▸ **YOUR OBJECTIVE**: What is wanted is every line below from the one with "Rustic Elegance: Captivating" up to and including the one with "The differences are all", retyped exactly, pictures excluded, nothing else.

▸ **DATASET CONTENT**:
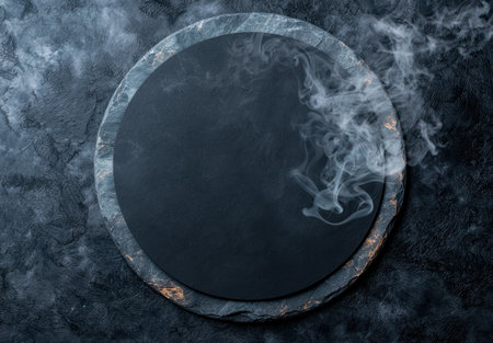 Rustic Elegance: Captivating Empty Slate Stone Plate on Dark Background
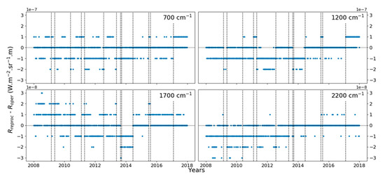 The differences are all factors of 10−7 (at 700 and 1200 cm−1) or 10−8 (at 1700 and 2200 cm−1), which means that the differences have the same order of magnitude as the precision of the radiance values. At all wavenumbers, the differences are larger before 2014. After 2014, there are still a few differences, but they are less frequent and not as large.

* * *

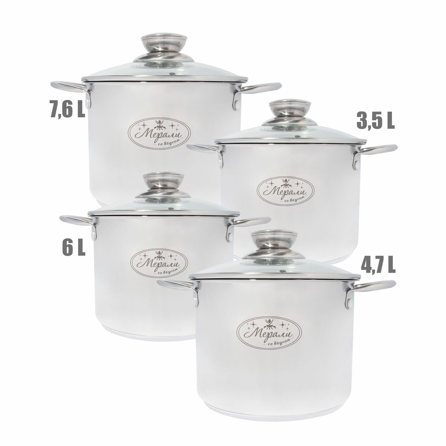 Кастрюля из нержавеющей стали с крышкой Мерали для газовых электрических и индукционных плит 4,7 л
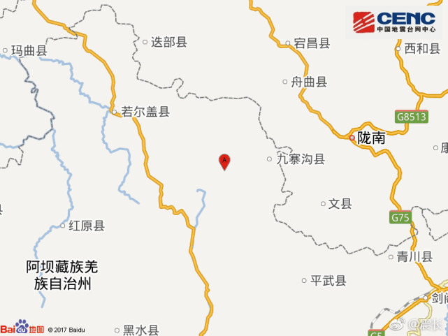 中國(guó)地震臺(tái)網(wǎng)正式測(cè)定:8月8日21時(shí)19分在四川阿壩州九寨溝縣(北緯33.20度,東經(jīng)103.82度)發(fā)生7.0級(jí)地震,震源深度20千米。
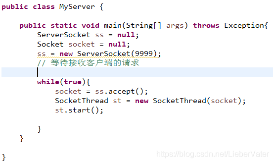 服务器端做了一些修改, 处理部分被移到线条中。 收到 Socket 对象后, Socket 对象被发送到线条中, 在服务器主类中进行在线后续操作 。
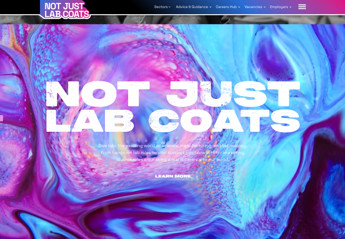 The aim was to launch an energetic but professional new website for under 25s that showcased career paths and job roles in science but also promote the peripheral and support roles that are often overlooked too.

▸ **EXERCISE RESPONSE**:
 Rustic Elegance: Captivating Empty Slate Stone Plate on Dark Background
 The differences are all factors of 10−7 (at 700 and 1200 cm−1) or 10−8 (at 1700 and 2200 cm−1), which means that the differences have the same order of magnitude as the precision of the radiance values. At all wavenumbers, the differences are larger before 2014. After 2014, there are still a few differences, but they are less frequent and not as large.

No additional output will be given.